Lily winced. She had grieved for two children who weren’t dead. Torturing her son with almost the same lie was unacceptable. “Does he think his sister is dead?” Lily asked. “We won’t have him suffer under that misconception. You’re going to have to make an exception for him if there is any chance that he does. We’ll deal with the consequences.”

Albus’ eyebrows rose and he nodded. “Of course, there aren’t so many sibling pairs in this process. Harry hasn’t been informed of his sister’s apparent death, and there is no reason to think that will change, but I can put some extra safeguards in to protect him from that erroneous news.”

Lily and James exchanged a long look in which they seemed to reach a silent accord. “We don’t like it, and I want an actual date when he’ll be home, but we can wait until it’s safe,” James said.

“Excellent.” Albus leaned back in his seat, his shoulders visibly relaxing. “Now, I’d like to hear what happened to the both of you in Vietnam.”

James took Lily’s hand, allowing her to take the lead for this debriefing.
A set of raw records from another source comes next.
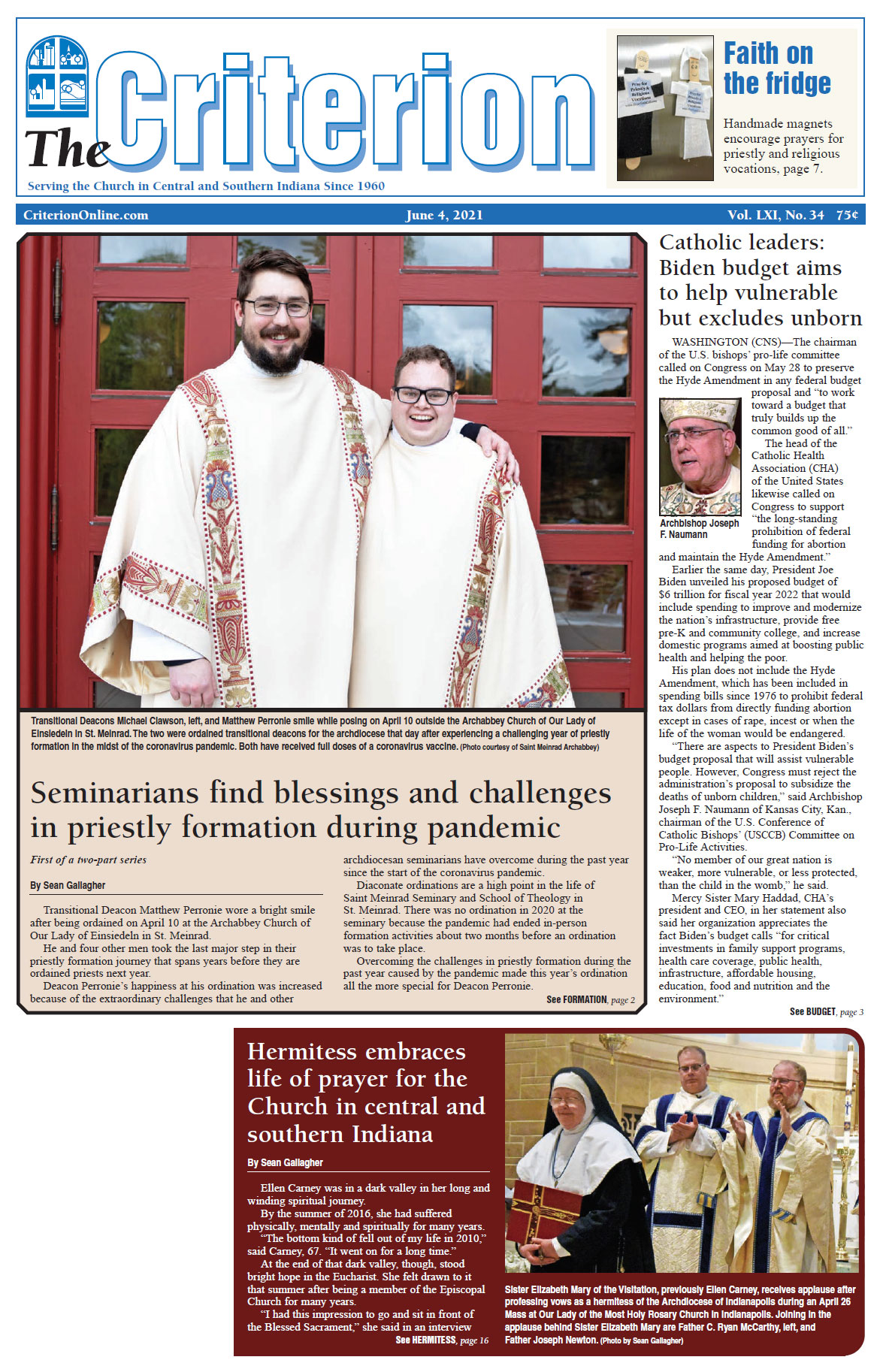The latest edition of The Criterion has been printed and is on its way to subscribers. Below is a list of stories that will be appearing in the issue, along with regular features like the archbishop's column, the editorial page and our events calendar.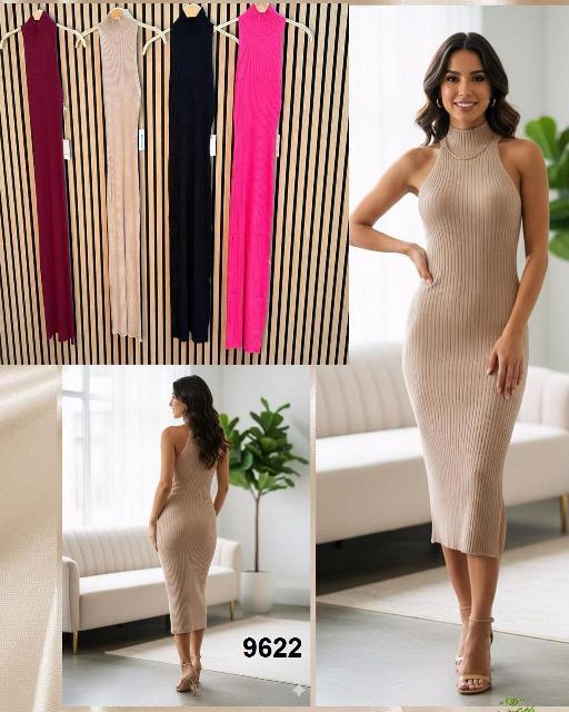 VESTIDO NEGRO ACANALADO CUELLO TORTUGA, SIN MNG M/L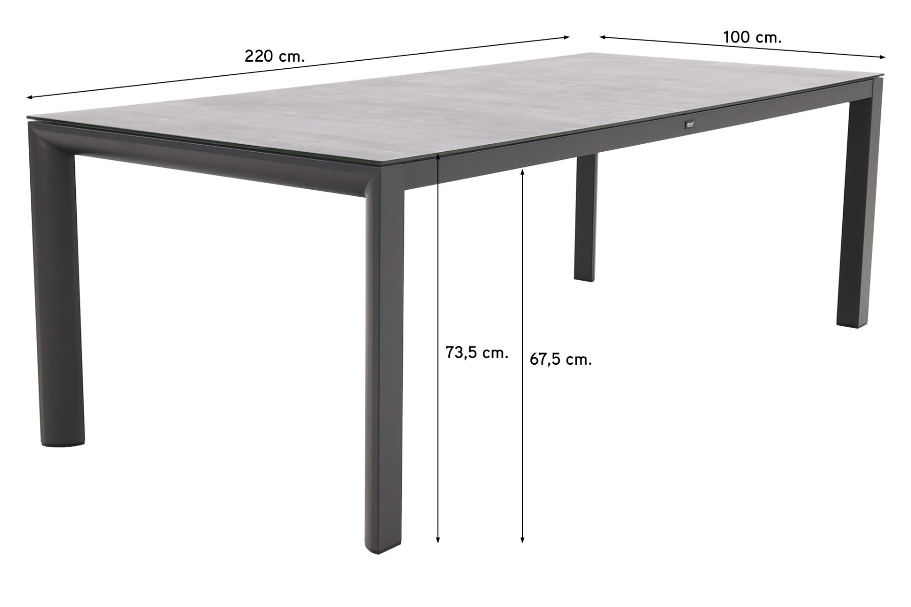 De Baltimor tuintafel biedt met zijn lengte van 220 cm. plaats aan 6 personen. Je kan eventueel met 8 personen dineren door gebruik te maken van de kopse kanten van de tafel. Het frame van de Baltimor tuintafel is vervaardigd uit gepoedercoat aluminium. Aluminium heeft als voordeel dat het licht in gewicht is, weinig onderhoud nodig heeft en jarenlang meegaat. Het tafelblad van de Baltimor tuintafel is gemaakt van "ceramic on glass". Dit is een keramiek laagje dat op een geharde glasplaat wordt aangebracht. Beide materialen zijn bestand tegen diverse weersinvloeden en perfect geschikt voor gebruik buitenshuis. Wanneer het tafelblad vies is geworden kun je deze het beste schoonmaken met water en een zachte doek. Voor een grote schoonmaakbeurt kun je een neutraal reinigingsmiddel toevoegen. Gebruik voor het schoonmaken nooit schuurmiddelen zoals een schuursponsje. Dit kan namelijk vegen en vlekken veroorzaken die er niet meer uit gaan. Gebruik nooit een hogedrukreiniger. Door de hoge waterdruk kan het materiaal aangetast worden.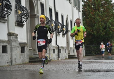 Hápunktur Þriggjalandamaraþonsins var eiginlega þetta augnablik við Mehrerau klaustrið í Bregenz. Ég hefði skilið Birki bónda í Tröllatungu eftir við 5 km markið, en þarna birtist hann allt í einu, búinn að hlaupa 40,7 km, og svo bara hvarf hann! (Ljósm. Alphafoto).

She could tell Albus as little or as much about her ordeal as she was comfortable with. He wouldn’t betray her confidence for anything.

“James and the other Animagi escaped unscathed,” Lily replied. “I was attacked and cursed by a Reaper.”


Edgar, part-time squirrel and second in charge of the rebellion’s elite Animagus corp., warmed his hands by the fire. His commander sat directly across from him, shaggy black hair brushed forward into his eyes. The others had built their own fires and were far enough removed to allow a relatively private conversation between them which Edgar intended to take full advantage of. “So Commander, now that your friend is back and we don’t need to look for him, what’s our mission? The Reapers found us pretty fast hiding out a full continent from home. Are we still hiding?”

“I never liked the hiding plan. We’re going back on the offensive. We’ll see how they like being hunted. This is personal.” It had technically been personal since Derek’s death in their first encounter with the Emperor’s enforcers, but it was more so now. Sirius couldn’t tell Edgar what the Reapers had done to Lily, as James refused to go into detail, but he had been clear about one thing, their destruction was essential for her continued health and wellbeing. “You kill one and they come back as someone else. I think it might be best to capture one and figure out what makes it tick.”

“I like taking things apart and putting them back together.” Edgar rubbed his hands together as though eagerly anticipating the puzzle of a cursed enforcer. “How do we start?”

“We’re going to need a very good trap. Ideally, we would isolate our target from his friends and then dissect him in peace.” Sirius laced his fingers together and smiled at his lieutenant. “You’re good with traps. What do you think?”

“I’ve got some excellent runic snares that should thoroughly incapacitate our target, but we’ll need bait,” Edgar said.

“What do you mean? We have bait. You realize I’m at the top of their hit list?”

Saving Edgar from having to comment, an old gray post-owl fluttered from the sky and lit on Sirius’s knee. It thrust its letter-encumbered leg at him and hooted twice.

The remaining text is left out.